◆ YOUR ASSIGNMENT
Output, exactly as written, the lines below from the one that has "DOUXO S3 CALM" through the one that has "[ 최종 Server"; nothing else, and no pictures.

————————

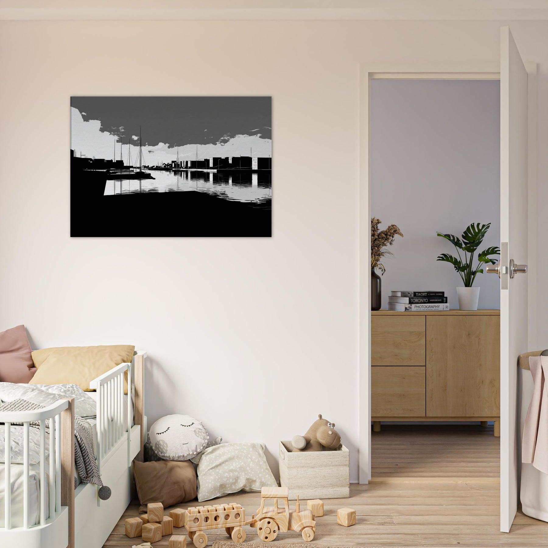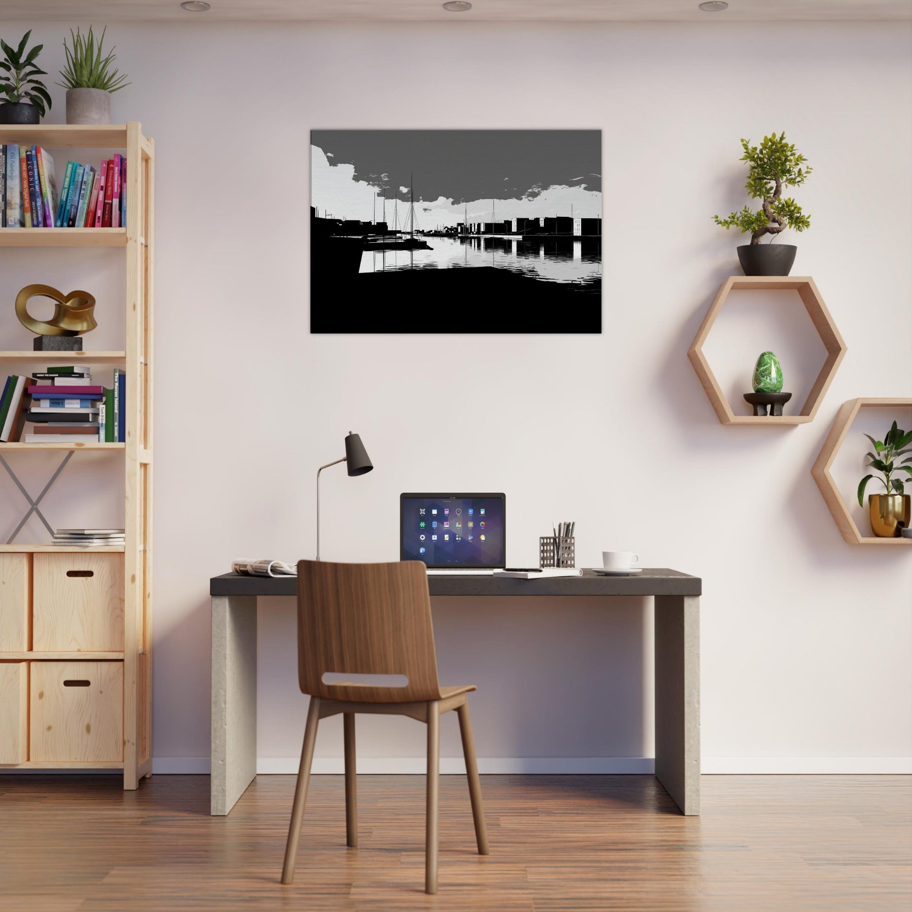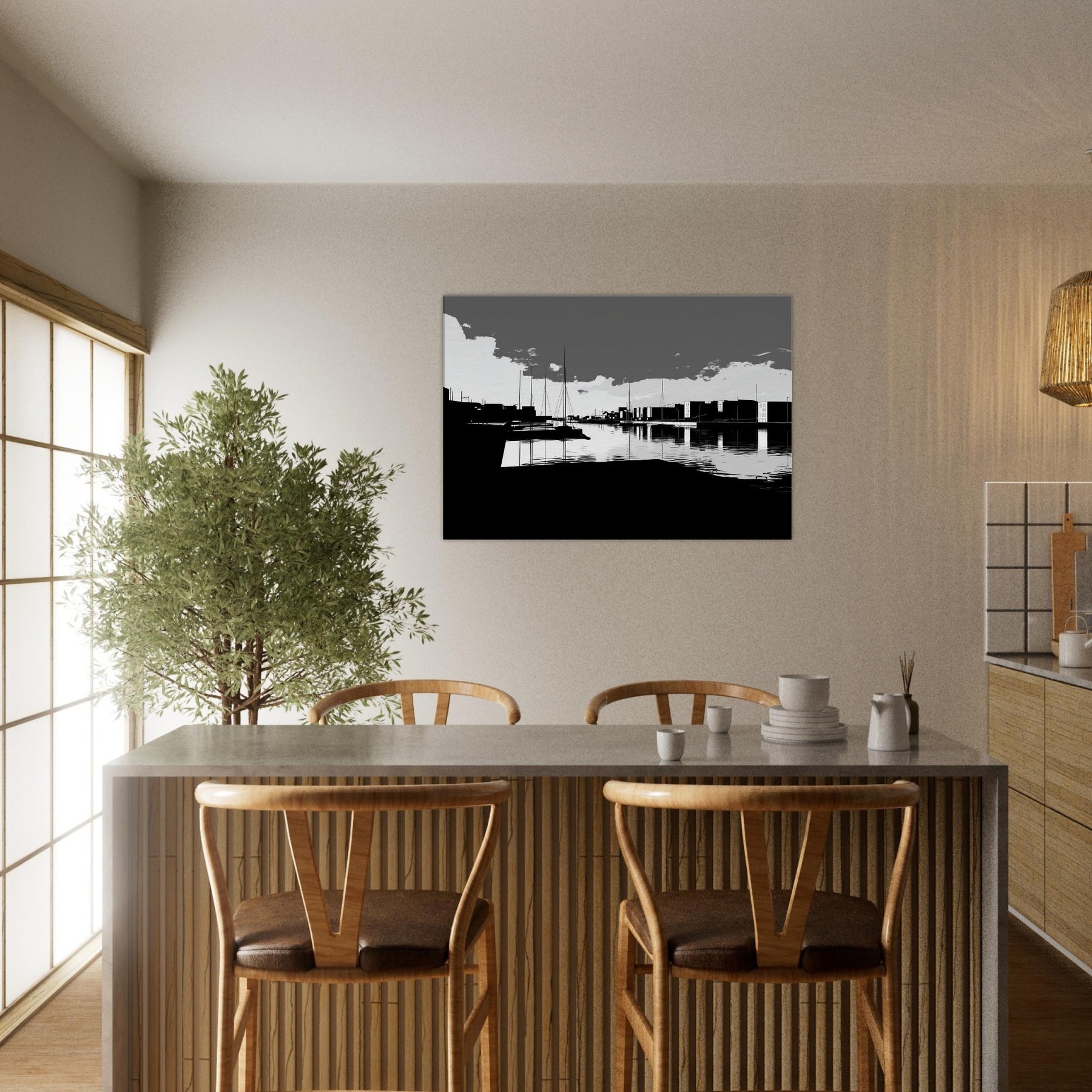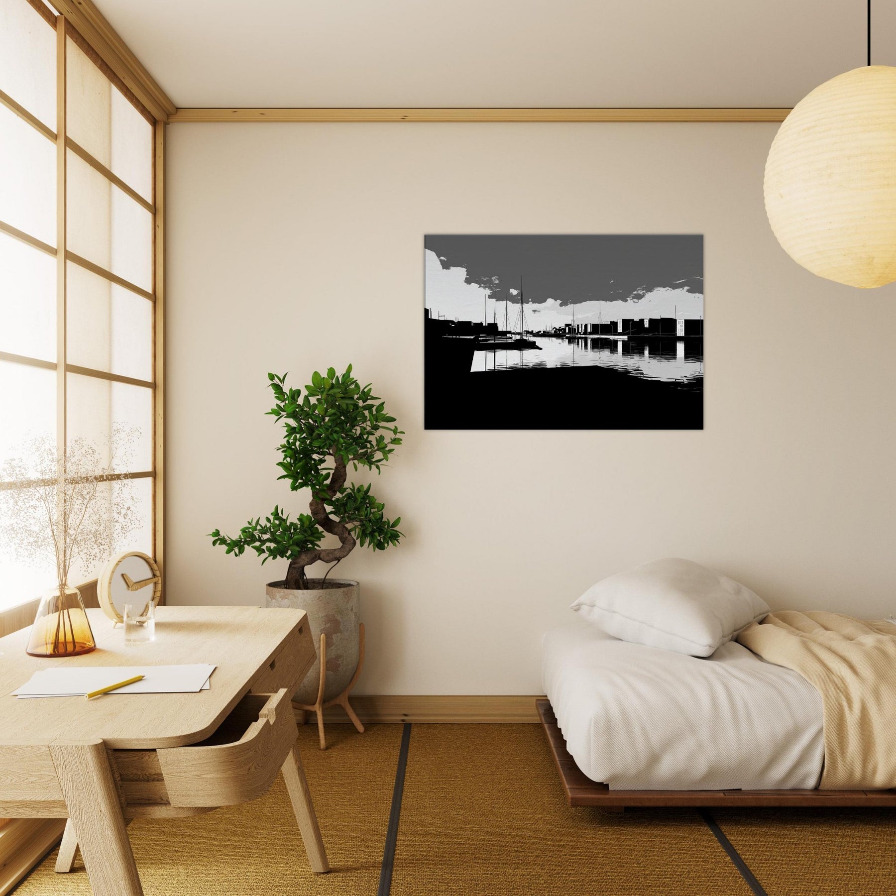 Harbor unfolds in crisp, continuous lines, where sails rise like quiet punctuation against a spacious, monochrome sky. The water mirrors every stroke, a silver glaze that invites slow, contemplative breaths. This crisp line art captures the harbor’s urban poetry the docks, silhouettes, and distant towers without flourish, leaving space for imagination. In a living room, it brings refined contrast, quiet sophistication, and a serene tempo that pairs with modern furnishings, soft textures, and muted palettes, turning walls into a calm, architectural horizon.
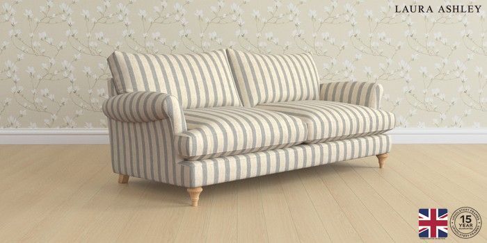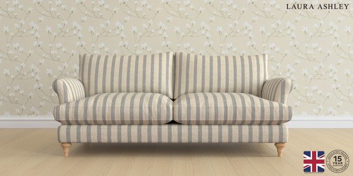 6.12.1 Buy Westley by Laura Ashley 3 Seater Sofa Kinsham Stripe Seaspray Blue Mid Turned - Light Oak from the Next UK online shop Click here to use our accessible website
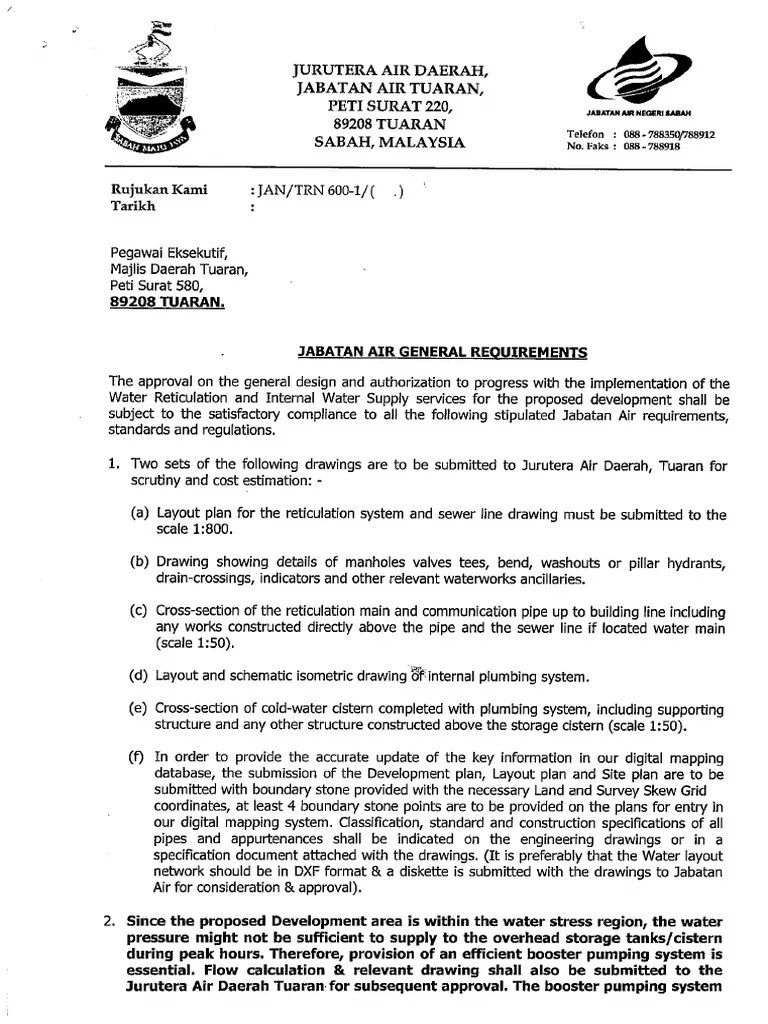 Jabatan air negeri sabah blok a, tingkat 6,wisma muis, beg berkunci 210, 88825 kota kinabalu, tel.
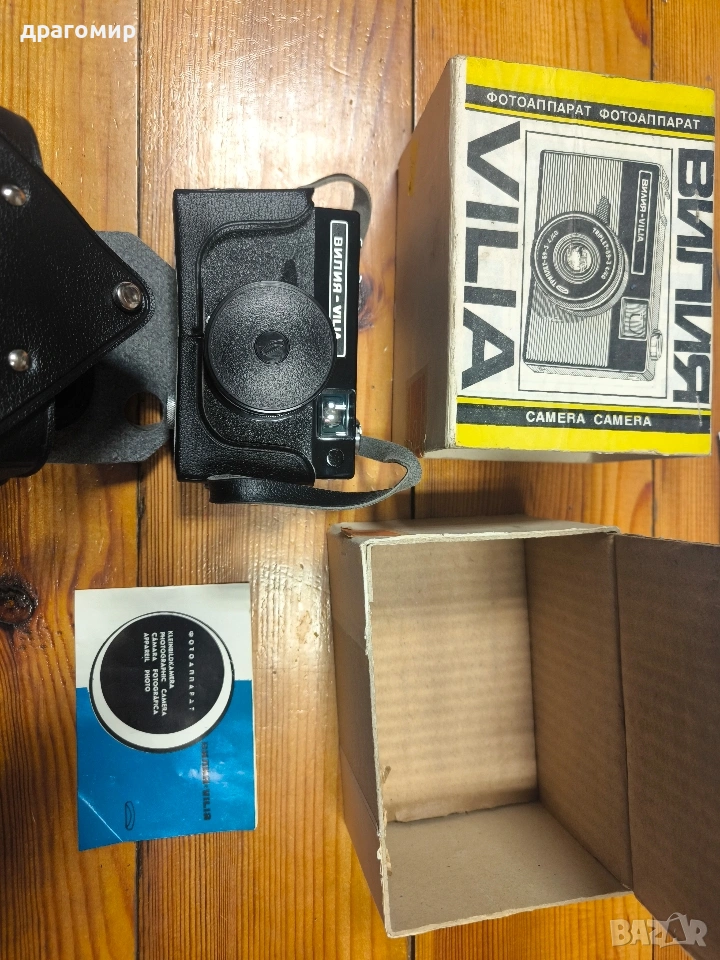 продавам чисто нов фотоапарат,ВИЛИЯ VILIA,в оригиналната си кутия, книжка за експлоатация, калъф, имам още много други фотоапарати, камери, обективи, чанти, светкавици, батерии, зарядни устройства, касети, филтри, ремъци, ленти, при закупуване на повече неща отстъпка
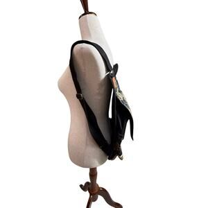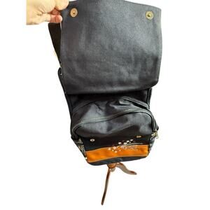 Ripple brand canvas backpack featuring an intricate Japanese-inspired dragon and cherry blossom print with embroidered details. Black canvas body with brown faux leather trim. Adjustable straps, top handle, magnetic flap closure, and zippered main compartment. Unique artistic design with a handcrafted feel.
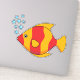A cartoon red orange tropical fish. He is swimming in the blue ocean while making bubbles. This cute kawaii illustration is good for sea and aquarium lovers and to bring back memories of happy summer tropical holidays.
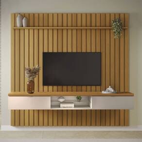 Com acabamento em Impressão UV Texturizada, o painel na cor Cinamomo oferece um toque aconchegante e sofisticado. Sua bancada robusta, com tampo de 40mm e prateleira de vidro 6mm, proporciona um visual moderno e organização eficiente para seus eletrônicos e objetos decorativos. As portas basculantes com puxadores de alumínio na cor champanhe agregam um charme extra ao ambiente.
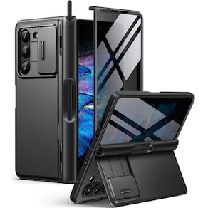 - [Proteção total e capa de câmera deslizante] Os designs da capa frontal e traseira da capa Z Fold 5 oferecem ao telefone absorção de choque superior e resistência a impactos. A capa com uma capa de câmera deslizante com travas fixas em ambos os lados não desliza livremente, você pode deslizar facilmente a capa da lente para a esquerda e para a direita para melhorar a proteção da lente da câmera, proteger melhor sua privacidade e lente
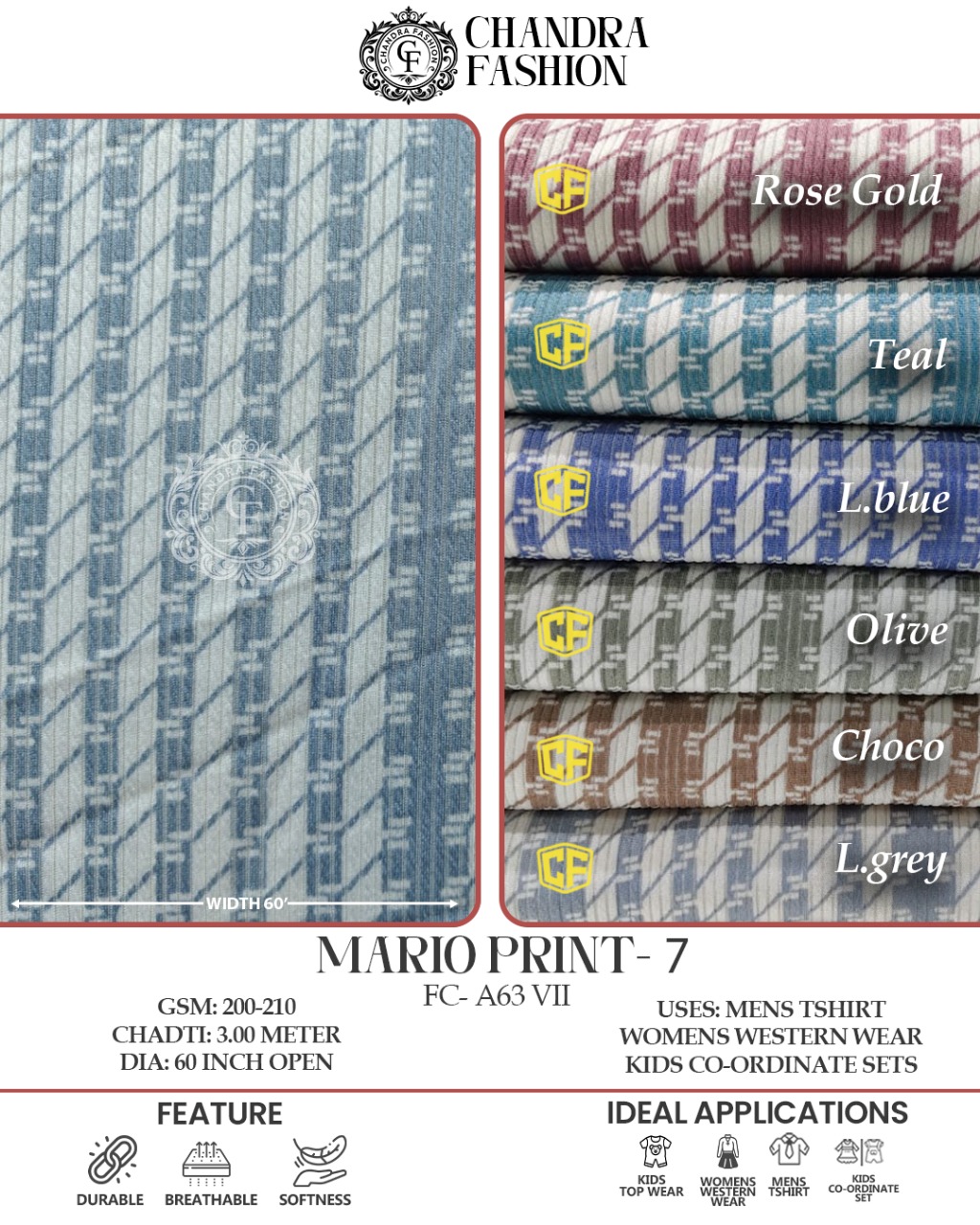 Top wear Fabric , T shirt Fabric , Bottom Wear Fabric , Lower Wear Fabric and Co-rd Sets Fabric
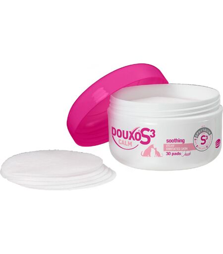 DOUXO S3 CALM - Descrizione Dischetti di cotone molto imbevuti per lenire equilibrare e rinforzare la pelle di cani e gatti con pelle pruriginosa sensibile e irritata. OPHYTRIUM è l'ingrediente chiave selezionato per l'alta tollerabilità e per la sua azione simultanea sulle tre barriere cutanee:… ...
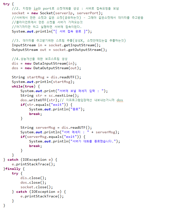 [ 최종 Server Code ] - "exit" 라는 키워드를 입력받을 때까지 채팅(서버도 클라이언트도 종료가능)
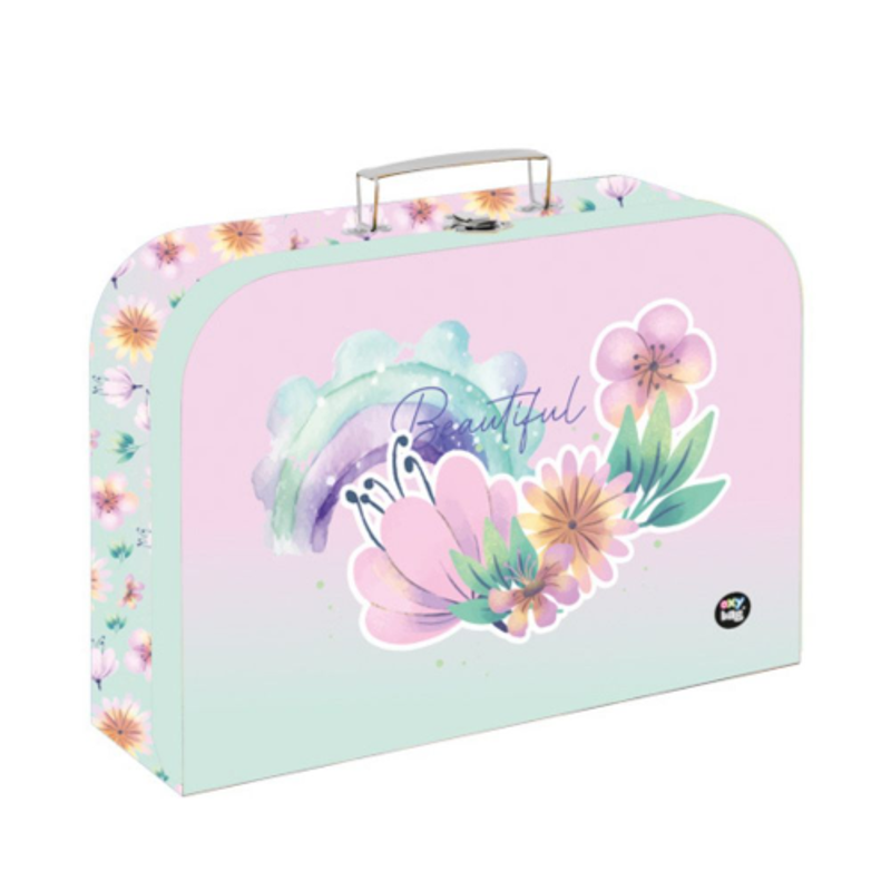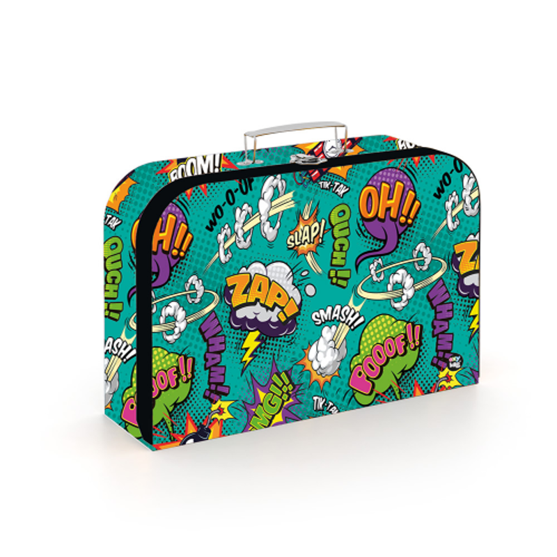 • Papírový dětský kufřík velikosti 35 cm Wild horses. Je vyroben z kvalitního pevného kartonu s vnitřní potiskem a kovovým uzavíráním s rukojetí. Je vhodný na školní potřeby, výtvarné potřeby, do kterého vejde i blok barevných papírů A4
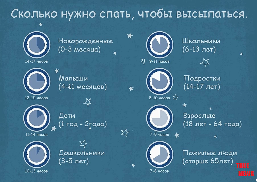 Мы все не высыпаемся, но насколько это серьезно? Кому-то нужно 10 часов, чтобы почувствовать себя человеком, а кто-то и за 7 часов становится бодрым. Институт по изучению сна провел исследование. Ученые доказали, что малышам до 3 месяцев нужно спать не меньше 14-17 часов в сутки, а взрослым (18 лет - 64 года) 7-9 часов сна обеспечат хорошее самочувствие. Согласно проведенному опросу, 30 процентов работающих людей спят максимум 6 часов. А ведь недосып приводит к серьезным последствиям - начиная от раздражительности и депрессии, заканчивая диабетом и даже онкологическими заболеваниями. Вот сколько сна требуется организму в разном возрасте: Новорожденные (0-3 месяца) - 14-17 часов Малыши (4-11 месяцев) - 12-15 часов Дети (1 год - 2года) - 11-14 часов Дошкольники (3-5 лет) - 10-13 часов Школьники (6-13 лет) - 9-11 часов Подростки (14-17 лет) - 8-10 часов Взрослые (18 лет - 64 года) - 7-9 часов Пожилые люди (старше 65лет) - 7-8 часов

————————

◆ OUTPUT FOR THIS TASK
 DOUXO S3 CALM - Descrizione Dischetti di cotone molto imbevuti per lenire equilibrare e rinforzare la pelle di cani e gatti con pelle pruriginosa sensibile e irritata. OPHYTRIUM è l'ingrediente chiave selezionato per l'alta tollerabilità e per la sua azione simultanea sulle tre barriere cutanee:… ...
 [ 최종 Server Code ] - "exit" 라는 키워드를 입력받을 때까지 채팅(서버도 클라이언트도 종료가능)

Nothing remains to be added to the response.